A New Era of Constituency-hopping?
In the United Kingdom, it’s fairly routine for folks to represent a parliamentary constituency (what we in the states would call a district) other than the one in which they’ve been living and working. The parties will often work to find a safe constituency for a rising star, frequently after he or she does the party a solid by running a respectable campaign in a hopeless constituency. Hence Labour’s Tony Blair, as a young party operative in the Hackney area of London, running in the safe Tory constituency of Beaconsfield in suburban Buckinghamshire before finally landing in the Labour stronghold of Sedgefield, way up north in Durham. Or Boris Johnson decamping for Henley, an Oxfordshire seat, at the start of his political career despite hailing from London and knowing nothing of the local area. Then, during Johnson’s second term as London mayor, there was talk of him needing a Tory seat somewhere in the country to open up in a by-election so that he could return to Parliament (ultimately he waited until the 2015 general election and found an open seat in outer London).
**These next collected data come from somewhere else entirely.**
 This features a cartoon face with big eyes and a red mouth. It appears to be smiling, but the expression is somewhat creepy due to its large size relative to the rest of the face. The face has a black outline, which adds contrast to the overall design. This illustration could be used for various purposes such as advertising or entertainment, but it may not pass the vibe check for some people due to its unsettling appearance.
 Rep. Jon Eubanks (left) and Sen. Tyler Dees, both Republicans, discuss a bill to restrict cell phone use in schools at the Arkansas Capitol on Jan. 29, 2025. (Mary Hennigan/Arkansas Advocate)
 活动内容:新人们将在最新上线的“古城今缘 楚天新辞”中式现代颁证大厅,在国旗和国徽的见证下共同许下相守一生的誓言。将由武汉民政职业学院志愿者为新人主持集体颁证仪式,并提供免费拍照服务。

It’s a basic part of British political culture, but in the United States brazen carpet-bagging is often frowned upon by commentators – though voters seem to care more about party than geography when push comes to shove. So we see Alex Mooney winning a Congressional seat in West Virginia in 2014, after serving in the Maryland senate and then as Maryland GOP chair until 2013. But he ran in a red seat in a red year, and won accordingly. In my neck of the woods, Congressional bids by new arrivals are quite common and often successful. Antonio Delgado captured NY-19 two years after arriving from New Jersey – his upstate roots from his childhood in Schenectady certainly helped, but he was new to the district. Kirsten Gillibrand had roots in the capital region and a career in New York city, but ran for Congress in 2006 in the upper Hudson Valley’s old NY-20 – close to but not including her childhood home and certainly not where she had been living until she was getting ready to run. In a swing district in a Dem year, she won and became quite popular. The Hudson Valley’s two Seans offer divergent results: Sean Maloney moved into the region and won in 2012 against the unpopular Nan Hayworth; Sean Eldridge tried to replicate that and lost in a landslide in 2014 to the popular Chris Gibson.
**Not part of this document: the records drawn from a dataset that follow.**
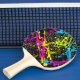 Luminoso manto de pintura de neón, este diseño presenta un patrón de manchas de pintura de neón brillante sobre un fondo negro.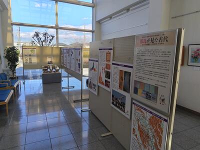 展示は、図書館入口手前にある談話コーナーで行われています。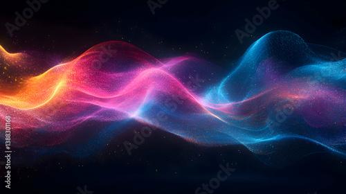A high-resolution wallpaper of vibrant neon waves in a mix of blue, pink, and purple, creating a dynamic and fluid digital landscape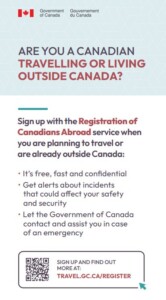 If you are travelling outside Canada, whether for vacation, work, or living abroad, make sure you register with the Government of Canada’s Registration of Canadians Abroad service.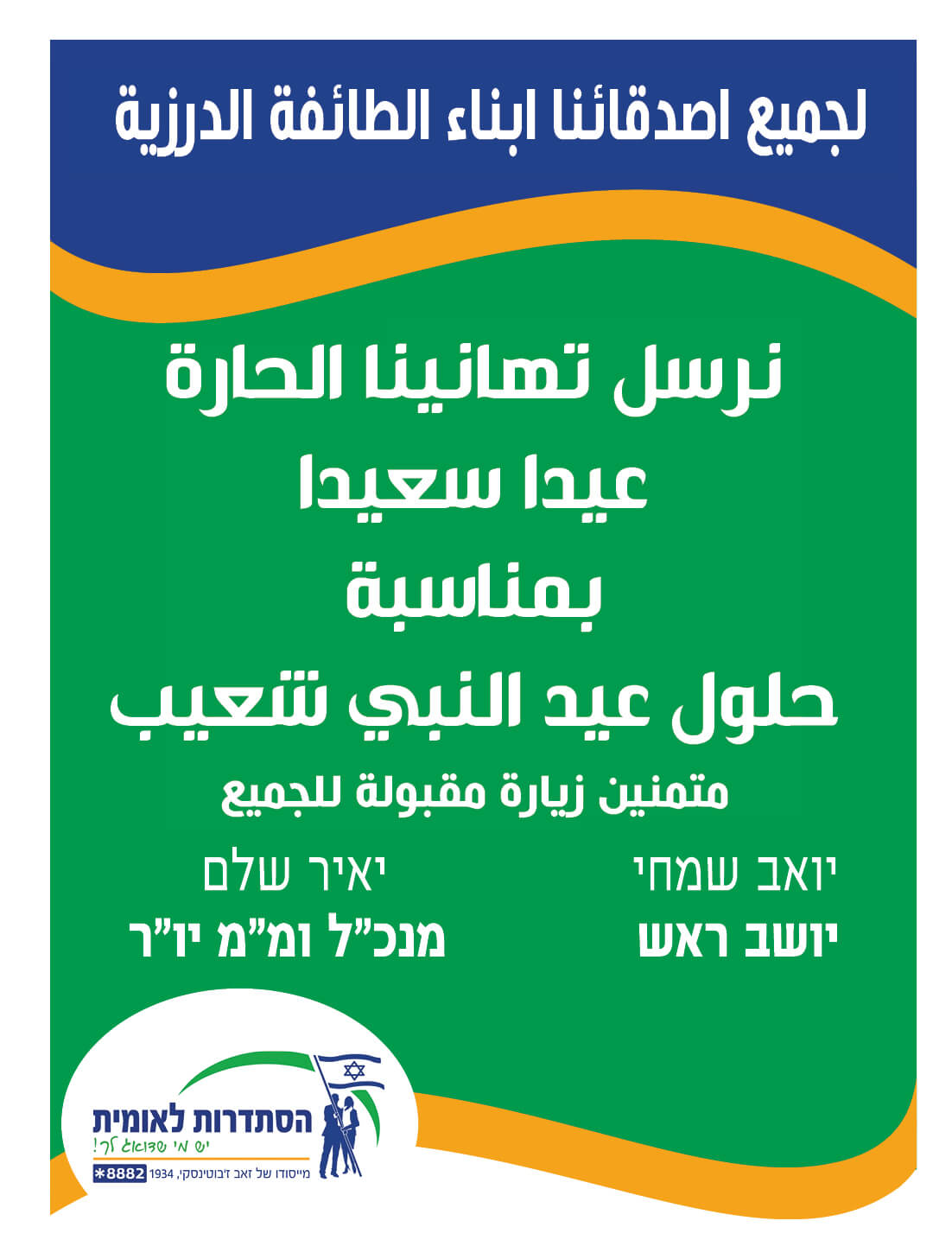 לכל חברינו בני העדה הדרוזית חג הנביא שועייב שמח [25.04.2017, 10:00] הסתדרות לאומית מאחלת לכל חבריה בני העדה הדרוזית, חג שמח לרגל חג הנביא שועייב.

But those are folks who were getting ready to run for Congress for the first time. The new push, at least in Republican circles, seems to be suburban members fleeing districts where they could no longer win in search of redder digs. Late last month, it became clear that Darrell Issa will be running in California’s 50th district, a very red seat currently inhabited by indicted incumbent Duncan Hunter while he awaits trial for illegally using campaign funds to pay lavish personal expenses. Until this year, Issa was the representative for a district including parts of Orange and northern San Diego counties; after a near-defeat in 2 016 he retired last year rather than be washed away in the coming blue wave as it became clear that most of the GOP’s SoCal seats were in danger. Trump nominated Issa to head up the United States Trade and Development Agency, but he is considered unlikely to be confirmed due to “problematic and potentially disqualifying” information in his FBI background file, according to the LA Times. With that option seemingly foreclosed and his old seat looking bluer by the minute, Issa is headed to a southern San Diego County district where, “potentially disqualifying” information or not, he still presents a more attractive option for his party and for voters than the more clearly corrupt Hunter.
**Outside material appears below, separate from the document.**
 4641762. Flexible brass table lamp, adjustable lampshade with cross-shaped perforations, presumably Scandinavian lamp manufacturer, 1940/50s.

This week brings word that a Republican who was defeated before he could escape a rapidly blue-ing district, Pete Sessions, is eyeing am entirely new district. Sessions was the longtime incumbent for Dallas’ 32nd district and held an assortment of leadership positions and committee chairmanships during his time in the House, before losing to Colin Allred by six and a half percentage points last year. Once a solidly Republican district, it has moved quickly to the left in the Trump era: a 57-42 Romney district in 2012, it narrowly voted for Clinton four years later. But Sessions isn’t ready to be done: he’s looking to migrate south to TX-17, a Waco/College Station district with a bizarre tentacle into the northernmost part of Austin. Sessions did grow up in Waco – and is set to move back – but that was a long time ago and this seat is nowhere near his old turf in Dallas’ northern and western neighborhoods (as well as Highland Park and University Park). But it is soon to be open, as five-term incumbent Bill Flores is retiring. For what it’s worth, Flores is not too impressed with the idea. As powerful as Sessions was just 10 months ago, this is not the sort of place he can just walk in and expect the field to clear: central Texas is full of ambitious Republicans who have tended local fields and are now eager to move up with Flores’ departure.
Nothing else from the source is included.